Brief: Please reproduce all of the listing below exactly and drop its images.

Stored data:
▬▬▬▬▬▬▬▬▬▬

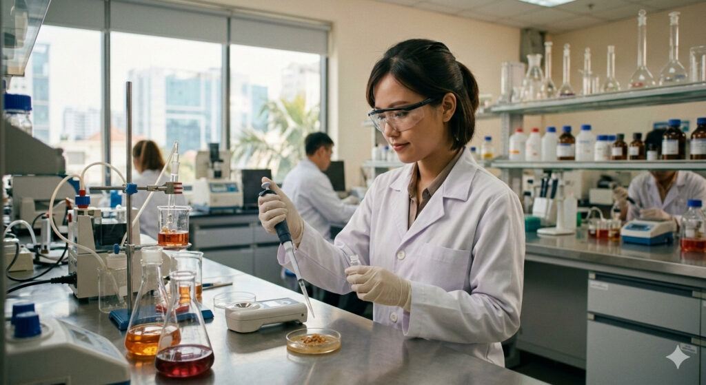 Phòng nghiên cứu và phát triển sản phẩm (R&D) là nơi các doanh nghiệp thực phẩm lớn — từ Vinamilk, Masan đến các tập đoàn nước ngoài như Nestlé, Ajinomoto — đặt ra yêu cầu tối thiểu thạc sĩ hoặc tương đương cho vị trí cấp cao. Nhiệm vụ bao gồm phát triển công thức sản phẩm mới, tối ưu quy trình chế biến, kiểm soát hương vị và dinh dưỡng. Đây là vị trí đòi hỏi nền tảng lý thuyết sâu mà chỉ đào tạo đại học thường chưa đủ.
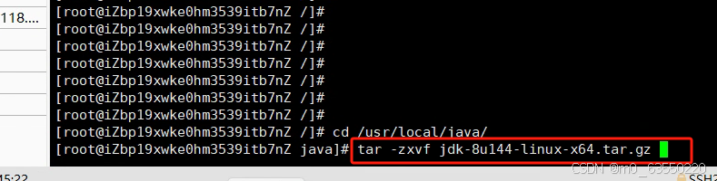 使用命令tar -zxvf jdk-8u144-linux-x64.tar.gz将压缩包解压
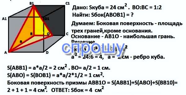ABCDA1B1C1D1-куб, точка O лежит на луче BC так, что BC:CO = 2:1. Вычислите площадь боковой поверхности пирамиды BAB1O , если площадь полной поверхности куба равна 24 см
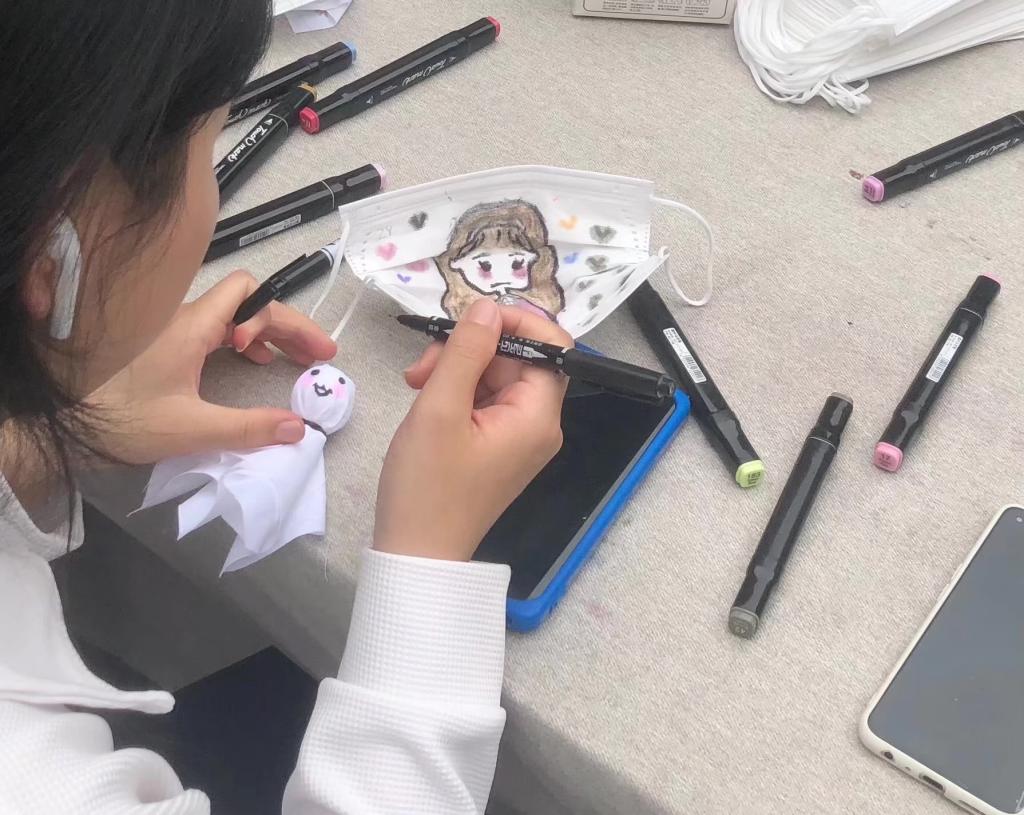手绘口罩图案、制作晴天娃娃、勾画个人肖像……5月7日,Beat365官方网站在该院教学楼广场处开展了“艺术疗愈”主题活动,300余位同学来到现场,以手代心,“放飞”灵感。

▬▬▬▬▬▬▬▬▬▬

Answer to the exercise:
 Phòng nghiên cứu và phát triển sản phẩm (R&D) là nơi các doanh nghiệp thực phẩm lớn — từ Vinamilk, Masan đến các tập đoàn nước ngoài như Nestlé, Ajinomoto — đặt ra yêu cầu tối thiểu thạc sĩ hoặc tương đương cho vị trí cấp cao. Nhiệm vụ bao gồm phát triển công thức sản phẩm mới, tối ưu quy trình chế biến, kiểm soát hương vị và dinh dưỡng. Đây là vị trí đòi hỏi nền tảng lý thuyết sâu mà chỉ đào tạo đại học thường chưa đủ.
 使用命令tar -zxvf jdk-8u144-linux-x64.tar.gz将压缩包解压
ABCDA1B1C1D1-куб, точка O лежит на луче BC так, что BC:CO = 2:1. Вычислите площадь боковой поверхности пирамиды BAB1O , если площадь полной поверхности куба равна 24 см
手绘口罩图案、制作晴天娃娃、勾画个人肖像……5月7日,Beat365官方网站在该院教学楼广场处开展了“艺术疗愈”主题活动,300余位同学来到现场,以手代心,“放飞”灵感。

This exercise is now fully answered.